Если же в силу обстоятельств разложение трупа достигало такой степени, что взять в руки было практически нечего, разрешалось изготовление «имитации (representation
) [повешенного] в натуральную величину», с которой в дальнейшем и производились все положенные по ритуалу действия. Таким образом достигалось не только восстановление чести и достоинства, но и физической идентичности умершего, что отличало ритуал снятия с виселицы от прочих вариантов светского публичного покаяния[934].Особого внимания во всей этой процедуре заслуживал, вне всякого сомнения, не просто физический контакт судьи и его жертвы (их объятия в буквальном смысле слова), но обязательный поцелуй в губы
, которым виновный награждал умершего.
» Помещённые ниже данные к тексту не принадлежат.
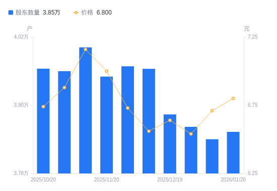 近一年(2025年1月20日至2026年1月20日),四川美丰A股股东户数从4.56万户,减低至3.85万户,降幅15.58%,区间股价下跌2.05%。
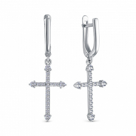 Серьги с фианитом родированные серебро 925*

Так вынужден был поступить уже известный нам прево Шато-Тьерри[935]. В упоминавшемся чуть выше деле из Каркассона требование поцеловать в губы всех четырех жертв в окончательном приговоре было отклонено[936]. Ритуал поцелуя, восстанавливая поруганную честь умершего и, одновременно, умаляя достоинство преступника, исполнял функцию отведения агрессии: предотвращал возможность мести со стороны родственников потерпевшего[937]. В этой связи интересно отметить отличие данной процедуры от принятого повсеместно и известного задолго до конца XIV в. обычая обмена поцелуями при заключении мира между противниками – иными словами, между живыми людьми[938]. В случае abus de justice, если жертва также оставалась в живых, просьба о прощении сопровождалась отнюдь не примиряющим поцелуем, но поклоном или даже преклонением колен, что символизировало, скорее, выражение зависимости, подчинение воле другого человека[939]. Клод Говар совершенно справедливо отмечала, что поцелуй, которым награждал судья свою жертву, символизировал союз мертвого и живого тел, попытку хотя бы временно вдохнуть жизнь в останки казненного человека[940]. К сожалению, французская исследовательница не уделила при этом внимания тем метаморфозам, которые, как кажется, претерпевало в тот же момент тело главного действующего лица всего ритуала – самого провинившегося чиновника.Как мы уже знаем, судья представал перед окружающими в одеянии кающегося грешника, символизирующем полный отказ от прежней жизни, стремление начать все с чистого листа. Любопытно, что внешний вид человека, приносящего публичное покаяние, часто ассоциировался у средневековых авторов с наготой
. Даже будучи одет в нательную рубашку, бре или власяницу, грешник все равно оставался голым, лишенным каких бы то ни было профессиональных и/или социальных отличий[941]. Принося покаяние, человек как бы рождался заново – вернее, из мертвого вновь становился живым.Выше я уже упоминала о том, насколько близка была средневековой религиозной и правовой мысли идея о символической
смерти преступника во время или даже до приведения приговора в исполнение[942]. Как представляется, наиболее последовательно она разрабатывалась как раз применительно к ритуалу публичного покаяния. Уже у Григория Великого на примере истории Лазаря рассматривалась аналогия между жизнью во грехе и смертью, между исповедью и восстанием из гроба: «Каждый грешник, пока он скрывает свой грех, остается пленником, поглощенным мраком. Мертвец возвращается к свету, когда грешник чистосердечно раскаивается в своих ошибках. И так Он сказал Лазарю: “Иди вон”. Как если бы сказали человеку, похоронившему себя во грехе: “Зачем ты прячешь свое преступление внутри себя? Вернись к свету, покаявшись, ты, который погребен из-за отказа исповедоваться”. Пусть выйдет грешник, т. е. пусть он признает свой грех. Ученики развяжут того, кто выйдет из могилы. Точно так же священники должны освободить от наказания того, кто не побоялся признаться в своем прегрешении»[943].